In training, batches containing less that 256 tokens are simulated by drawing uniformly a length and replacing all tokens and labels after that point with padding (called Cut-drop).
Changelog:
- Add support for Zh and En models
- Fix generation when input is smaller than max length
Installation
Use your favourite method for installing Python requirements. For example:
python -mvenv env
. env/bin/activate
pip3 install -r requirements.txt -f https://download.pytorch.org/whl/torch_stable.html
Prediction
Predict from raw text:
python recasepunc.py predict checkpoint/path < input.txt > output.txt
Models
All models are trained from the 1st 100M tokens from Common Crawl
{
"iteration": "24000",
"train_loss": "0.006788245493080467",
"valid_loss": "0.007345725328494341",
"valid_accuracy_case": "0.9963942307692307",
"valid_accuracy_punc": "0.9692508012820513",
"valid_fscore": "{0: 0.7727023363113403, 1: 0.7901785373687744, 2: 0.7293065190315247, 3: 0.7692307829856873, 4: 0.4615384638309479}",
"config": "{'seed': 871253, 'lang': 'zh', 'flavor': 'ckiplab/bert-base-chinese', 'max_length': 256, 'batch_size': 16, 'updates': 24000, 'period': 1000, 'lr': 1e-05, 'dab_rate': 0.1, 'device': device(type='cuda'), 'debug': False, 'action': 'train', 'action_args': ['data/zh-100M.train.x', 'data/zh-100M.train.y', 'data/zh-100M.valid.x', 'data/zh-100M.valid.y', 'checkpoints/zh'], 'pad_token_id': 0, 'cls_token_id': 101, 'cls_token': '[CLS]', 'sep_token_id': 102, 'sep_token': '[SEP]'}"
}
{
"iteration": "23000",
"train_loss": "0.014598741472698748",
"valid_loss": "0.025432642453756087",
"valid_accuracy_case": "0.9407051282051282",
"valid_accuracy_punc": "0.9401041666666666",
"valid_fscore": "{0: 0.6455026268959045, 1: 0.5925925970077515, 2: 0.7243649959564209, 3: 0.7027027010917664, 4: 0.03921568766236305}",
"config": "{'seed': 871253, 'lang': 'en', 'flavor': 'bert-base-uncased', 'max_length': 256, 'batch_size': 16, 'updates': 24000, 'period': 1000, 'lr': 1e-05, 'dab_rate': 0.1, 'device': device(type='cuda'), 'debug': False, 'action': 'train', 'action_args': ['data/en-100M.train.x', 'data/en-100M.train.y', 'data/en-100M.valid.x', 'data/en-100M.valid.y', 'checkpoints/en'], 'pad_token_id': 0, 'cls_token_id': 101, 'cls_token': '[CLS]', 'sep_token_id': 102, 'sep_token': '[SEP]'}"
}
{
"iteration": "22000",
"train_loss": "0.02052250287961215",
"valid_loss": "0.009240646392871171",
"valid_accuracy_case": "0.9881810897435898",
"valid_accuracy_punc": "0.9683493589743589",
"valid_fscore": "{0: 0.802524745464325, 1: 0.7892595529556274, 2: 0.8360477685928345, 3: 0.8717948198318481, 4: 0.2068965584039688}",
"config": "{'seed': 871253, 'lang': 'fr', 'flavor': 'flaubert/flaubert_base_uncased', 'max_length': 256, 'batch_size': 16, 'updates': 24000, 'period': 1000, 'lr': 1e-05, 'dab_rate': 0.1, 'device': device(type='cuda'), 'debug': False, 'action': 'train', 'action_args': ['data/fr-100M.train.x', 'data/fr-100M.train.y', 'data/fr-100M.valid.x', 'data/fr-100M.valid.y', 'checkpoints/fr'], 'pad_token_id': 2, 'cls_token_id': 0, 'cls_token': '<s>', 'sep_token_id': 1, 'sep_token': '</s>'}"
}
Training
Notes: You need to modify file names adequately. Training tensors are precomputed and loaded to CPU memory, models and batches are moved to CUDA memory.
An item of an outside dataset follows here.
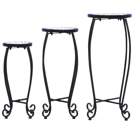 Tavolini con Mosaico 3 pz Blu e Bianco in Ceramica
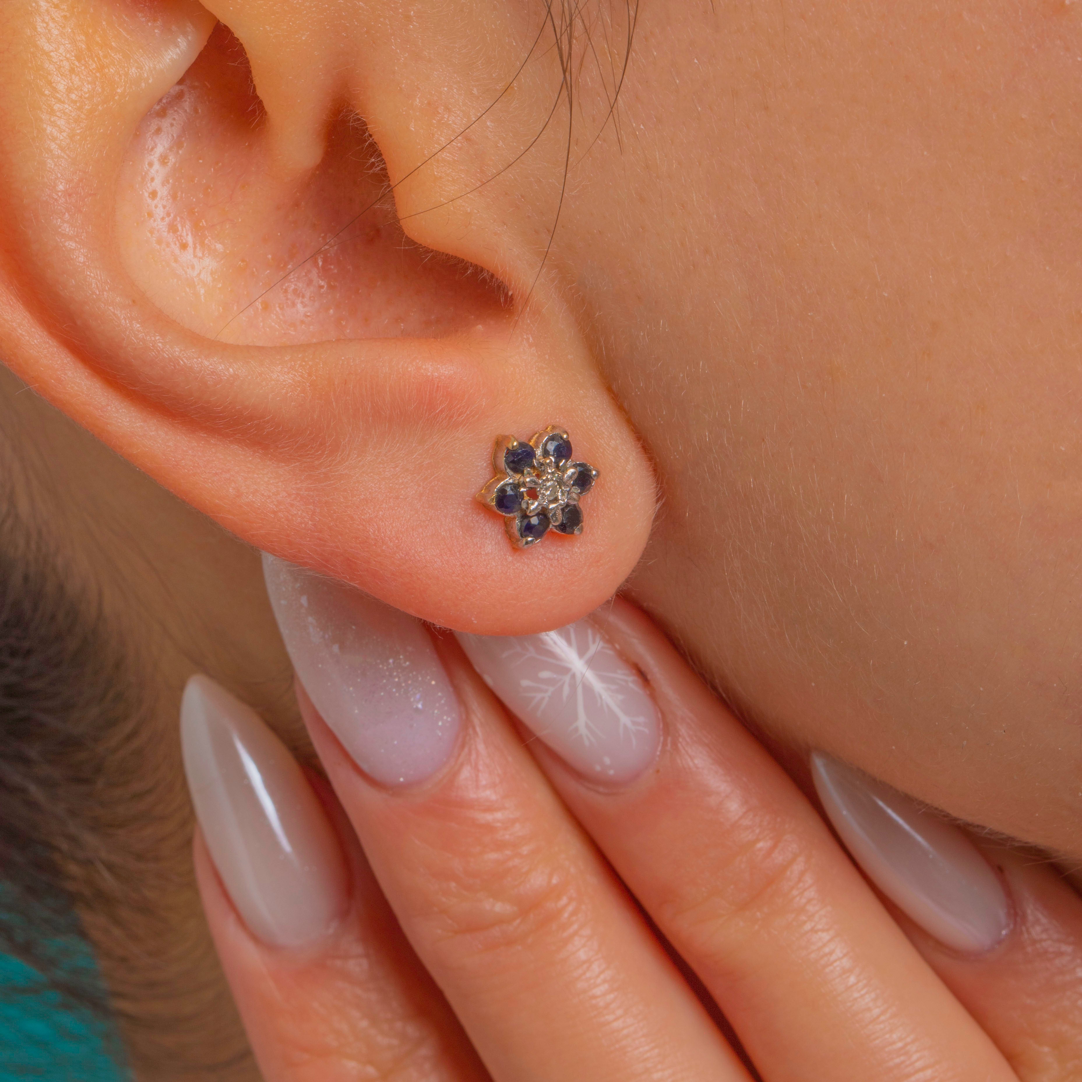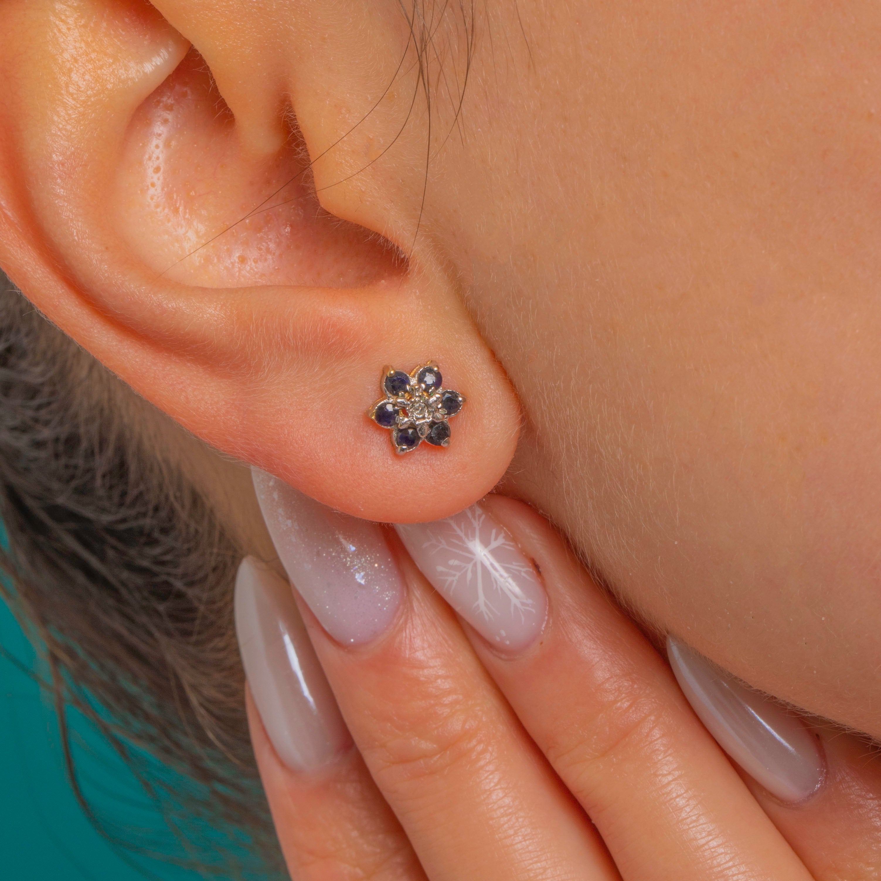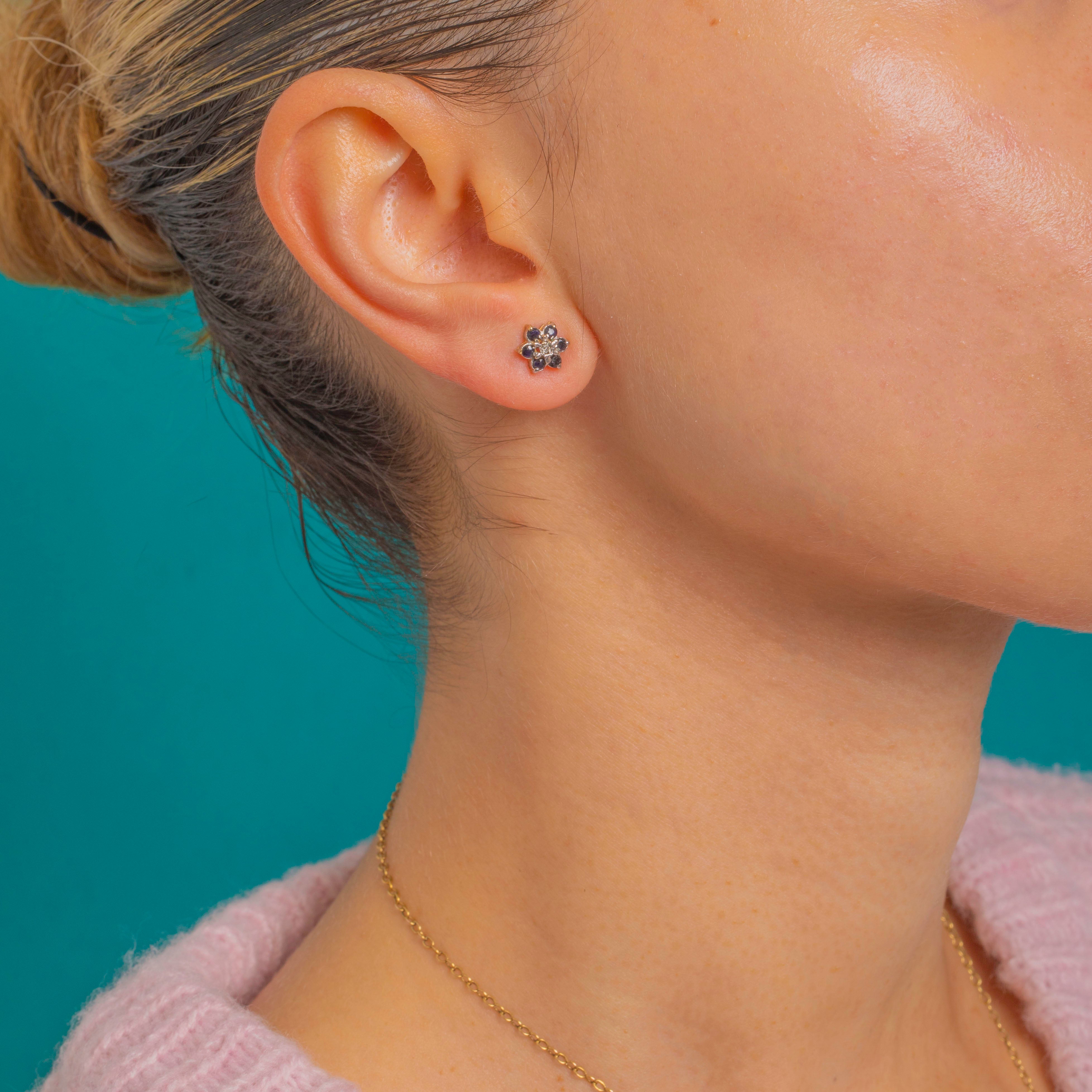 Dainty and deliciously chic, these Vintage floral cluster studs are set with deep blue Sapphires encircling a glinting Diamond at the heart. Their refined rosette silhouette and neat proportions make them an effortless everyday luxury—pretty, classic, and beautifully wearable.

Stage 0: download text data
Stage 1: tokenize and normalize text with Moses tokenizer, and extract recasing and repunctuation labels
python recasepunc.py preprocess --lang $LANG < input.txt > input.case+punc
Stage 2: sub-tokenize with Flaubert tokenizer, and generate pytorch tensors
python recasepunc.py tensorize input.case+punc input.case+punc.x input.case+punc.y --lang $LANG
Stage 3: train model
python recasepunc.py train train.x train.y valid.x valid.y checkpoint/path --lang $LANG
Stage 4: evaluate performance on a test set
python recasepunc.py eval checkpoint/path.iteration test.x test.y
Notes
This work was not published, but a similar model is described in "FullStop: Multilingual Deep Models for Punctuation Prediction", Frank et al, 2021.